TP8 : Uniform B-splines as Subdivision Surfaces
Code
Algorithm
Much like in the curve case (recall Chaikin in TP4 or Lane-Riesenfeld in TP5), a uniform bi-quadratic B-spline surface ($k=2,l=2$) can be evaluated by iterative subdivision of the initial control net $V^0_{i,\;j}$. Here’s the algorithm to perform one step of the subdivision.
At the $k$-th iteration, for each cell of the grid composed of the vertices $V^k_{i,\;j}$ $V^k_{i+1,\;j}$ $V^k_{i,\;j+1}$ $V^k_{i+1,\;j+1}$ we define a new grid as follows
\[\begin{array}{ll} V^{k+1}_{2i,\;2j} &= \frac1{16} \left( 9V^k_{i,\;j} + 3V^k_{i+1,\;j} + 3V^k_{i,\;j+1} + 1V^k_{i+1,\;j+1} \right), \\ V^{k+1}_{2i+1,\;2j} &= \frac1{16} \left( 3V^k_{i,\;j} + 9V^k_{i+1,\;j} + 1V^k_{i,\;j+1} + 3V^k_{i+1,\;j+1} \right), \\ V^{k+1}_{2i,\;2j+1} &= \frac1{16} \left( 3V^k_{i,\;j} + 1V^k_{i+1,\;j} + 9V^k_{i,\;j+1} + 3V^k_{i+1,\;j+1} \right), \\ V^{k+1}_{2i+1,\;2j+1} &= \frac1{16} \left( 1V^k_{i,\;j} + 3V^k_{i+1,\;j} + 3V^k_{i,\;j+1} + 9V^k_{i+1,\;j+1} \right). \end{array}\]Important: If the surface is closed (cyclic) in the direction $u$, the subscripts $\scriptstyle i+1$ of $V^k$ are taken modulo the number of vertices in the direction $u$. The same applies for the direction $v$ and the subscripts $\scriptstyle j+1$.
A subdivision step, open surface.
A subdivision step, surface closed in the $u$ direction.
ToDo
- Implement one step of the above subdivision algorithm for closed uniform B-spline surfaces (
torus). - Modify you implementation for surfaces which are open: either in one direction (
cylinder) or in both directions (grid,terrain). - Experiment with parameters in
GenerateRandomTerrain(). - [bonus] Catmull–Clark subdivision scheme produces bicubic B-spline surfaces.
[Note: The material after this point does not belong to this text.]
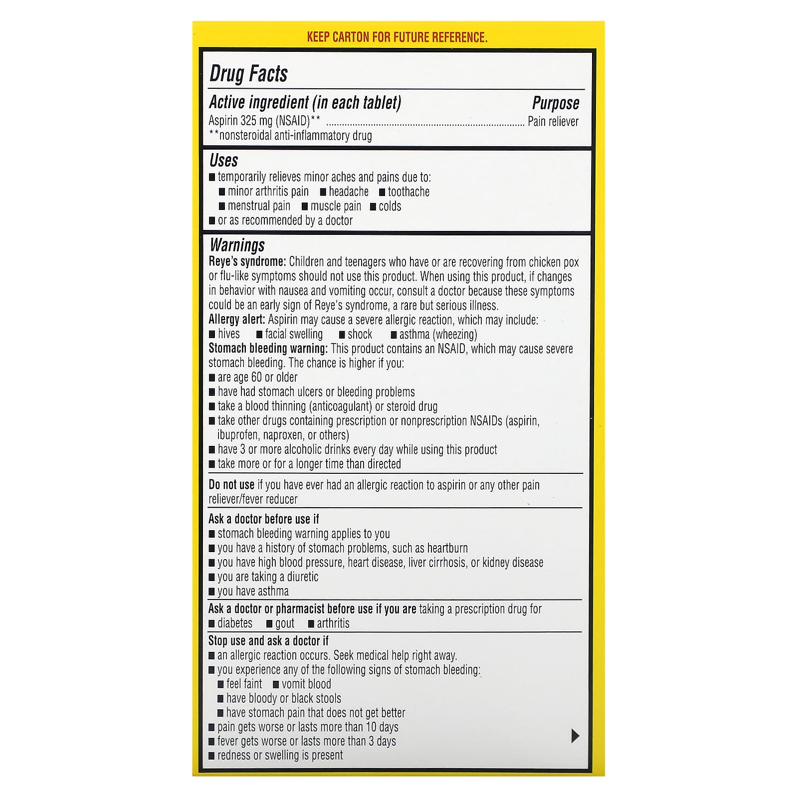 Не используйте данный продукт, если у вас когда-либо была аллергическая реакция на аспирин или любое другое обезболивающее или жаростойкое средство.

Although originally devised for quad-meshes with arbitrary topology, it work as well for uniform topologies (the ones we use in this TP). Implement this algorithm and compare the results with biquadratic surfaces. For more details of the algo, see the wikipedia page and also this article.